Copy nothing from the entries below except the lines from the one containing "かや On Twitter" through the one containing "This beautiful red", and copy those exactly.

##### Records to process #####

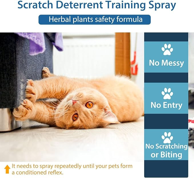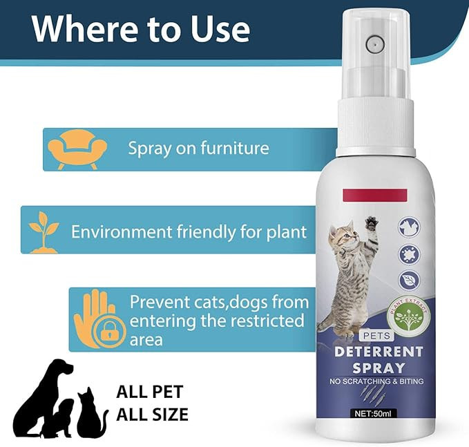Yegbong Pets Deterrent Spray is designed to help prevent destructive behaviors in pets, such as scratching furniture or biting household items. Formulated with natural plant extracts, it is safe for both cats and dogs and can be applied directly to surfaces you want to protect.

#####
##### Records to process #####

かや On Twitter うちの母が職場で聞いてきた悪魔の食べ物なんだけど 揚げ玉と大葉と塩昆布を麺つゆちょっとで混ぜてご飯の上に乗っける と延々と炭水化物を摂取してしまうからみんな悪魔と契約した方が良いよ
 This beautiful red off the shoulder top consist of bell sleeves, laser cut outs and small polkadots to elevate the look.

#####

** Exercise result **
かや On Twitter うちの母が職場で聞いてきた悪魔の食べ物なんだけど 揚げ玉と大葉と塩昆布を麺つゆちょっとで混ぜてご飯の上に乗っける と延々と炭水化物を摂取してしまうからみんな悪魔と契約した方が良いよ
 This beautiful red off the shoulder top consist of bell sleeves, laser cut outs and small polkadots to elevate the look.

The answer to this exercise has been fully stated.